Debatte um Schutzgebiet: Der Bamberger Altlandrat Günther Denzler verlangt, dass im Steigerwald keine alten Buchen mehr geschlagen werden sollen

Der Bamberger Altlandrat Günther Denzler (CSU) ist ein entschiedener Kämpfer für einen Buchen-Nationalpark im fränkischen Steigerwald. Jetzt fordert Denzler, der sich mit seinem Engagement wenig Freunde in seiner Partei gemacht hat, das Fällen alter Buchen in dem früheren Ebracher Klosterwald zu stoppen. Und zwar zumindest so lange, bis Ministerpräsident Markus Söder und Forstministerin Michaela Kaniber (beide CSU) entschieden haben, wo im Steigerwald das Naturwaldreservat ausgewiesen wird, das sie angekündigt haben. Für Denzler und den "Verein Nationalpark Steigerwald" ist klar, wo dieses Reservat eingerichtet werden sollte: in eben jenem Ebracher Klosterwald, der zu den urtümlichsten Buchenwäldern Deutschlands zählt.

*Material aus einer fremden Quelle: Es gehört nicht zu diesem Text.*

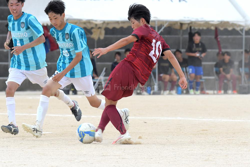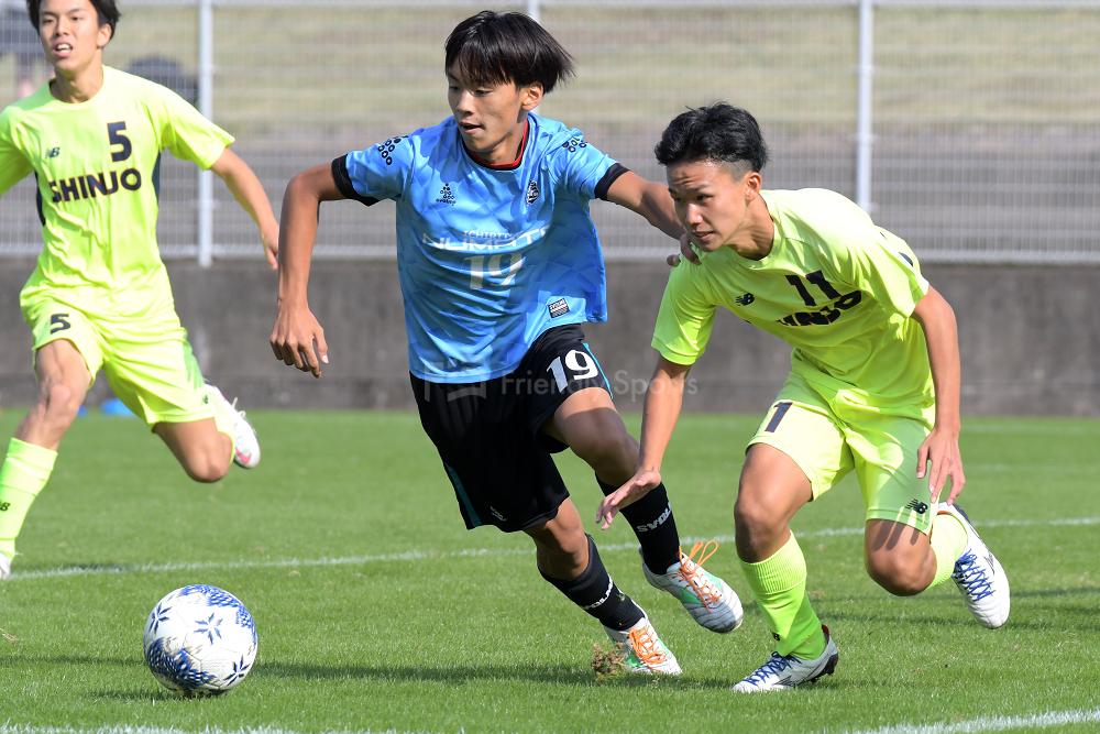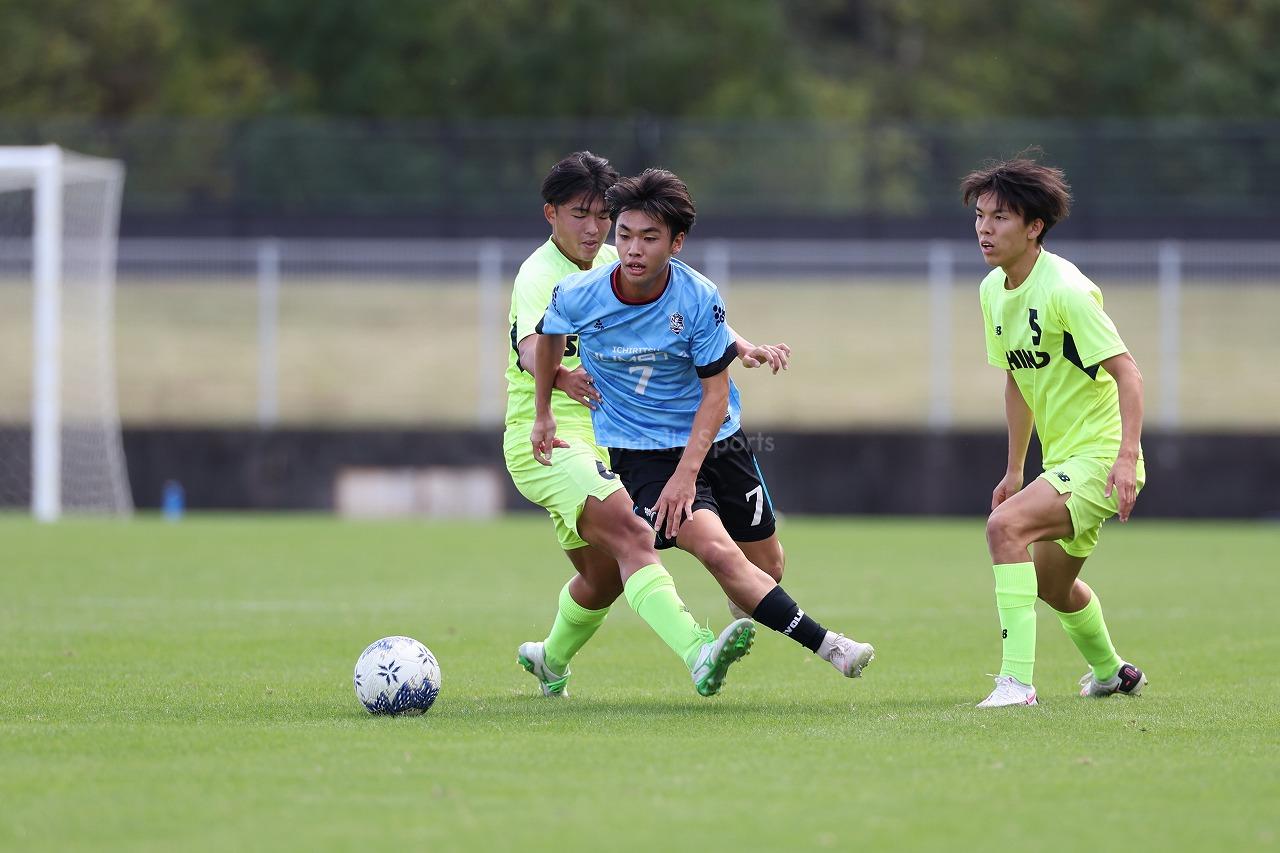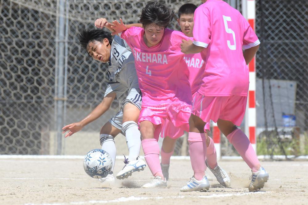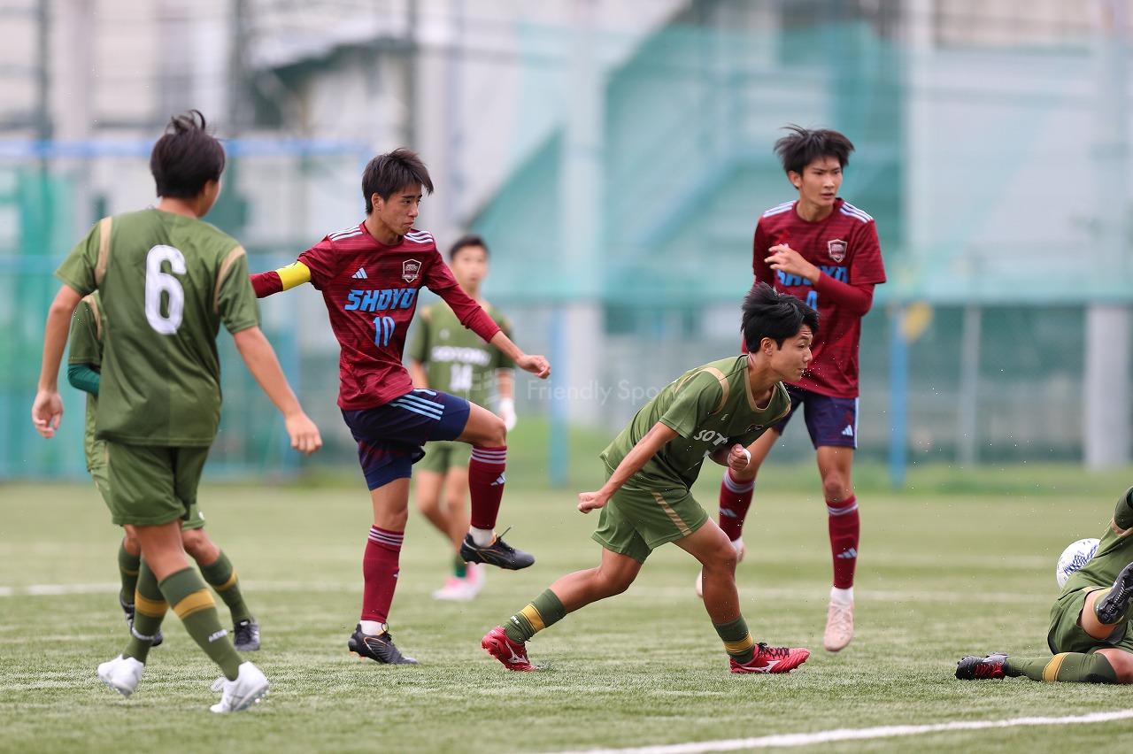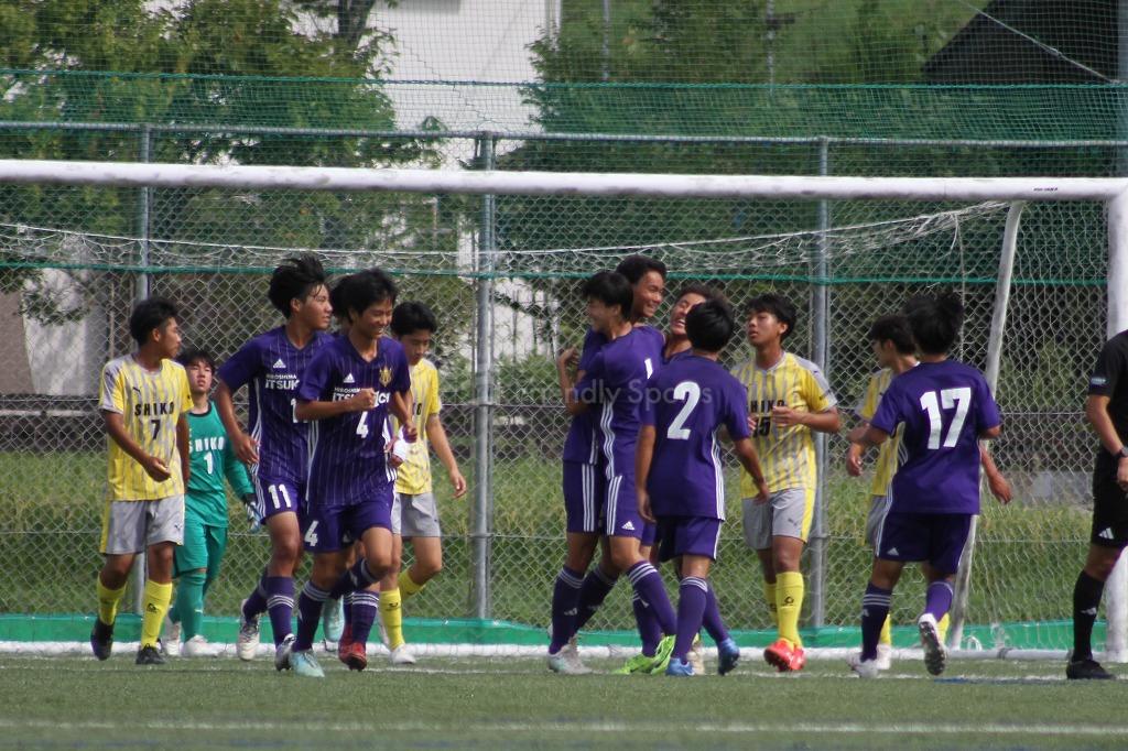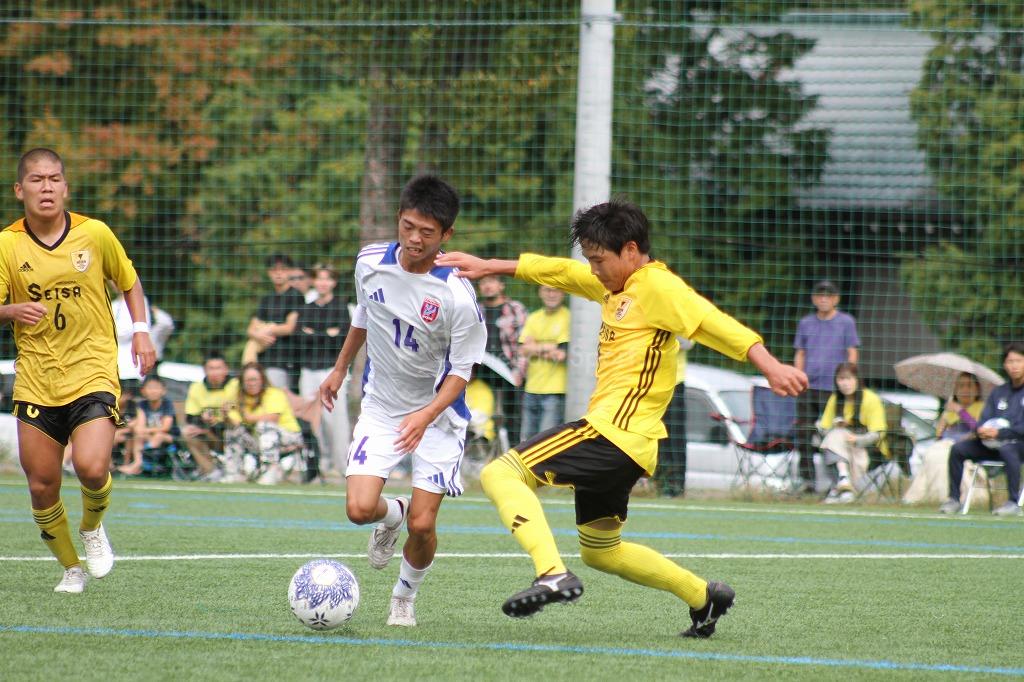 瀬戸内1点のリードのまま時間は進み、このまま瀬戸内の逃げ切りかと思われたが、広島皆実はカウンターから土壇場で追いつく。さらに試合終了目前、絶好の位置でFKを獲得すると、皆実エース10番が直接決め逆転し、ロスタイムにも追加点を決めます。

Der Streit um einen Nationalpark im Steigerwald geht seit zwölf Jahren. Vor allem Bauern, Waldbesitzer und Forstleute lehnen ein neues Schutzgebiet kategorisch ab. Die Gegner werden von dem Chef der CSU in Unterfranken und Innenstaatssekretär Gerhard Eck angeführt. Sie machen so viel Druck, dass die Staatsregierung einen Nationalpark im Steigerwald ausschließt. Selbst ein Waldschutzgebiet duldete sie bisher nicht. Als Denzler kurz vor dem Ende seiner Zeit als Bamberger Landrat den Ebracher Klosterwald unter Schutz stellte, änderte sie sogar das Naturschutzgesetz, um es annullieren zu können. Nach dem erfolgreichen "Volksbegehren Artenvielfalt - Rettet die Bienen" entdeckte Söder den Naturschutz neu und versprach die Einrichtung eines weitläufigen Naturwalds in der Region. Dort soll keine Forstwirtschaft mehr stattfinden, die Natur darf vielmehr einfach Natur sein.

Forstministerin Kaniber hat die Ausweisung des Naturwalds bereits für den Spätsommer angekündigt. Doch die Sache zieht sich. Der Hauptgrund dürfte sein, das die Nationalpark-Gegner unter ihrem Anführer Eck hinter den Kulissen Sturm laufen. Denzler und seine Verbündeten vom "Verein Nationalpark Steigerwald" drängen nun auf eine Entscheidung. Sie haben Söder und Kaniber schon vor Wochen einen Vorschlag für den neuen Naturwald unterbreitet. Danach sollte er außer dem Ebracher Klosterwald den unmittelbar an diesen anschließenden Stollbacher Forst umfassen. "Die Expertenwelt ist sich einig: Der Ebracher Klosterwald und der Stollberger Forst sind ein unschätzbar wertvolles Naturerbe", sagt Altlandrat Denzler. "Wenn Söder es ernst meint mit mehr Naturschutz in den bayerischen Wäldern, dann muss er jetzt den Knoten durchschlagen und beide unter Schutz stellen."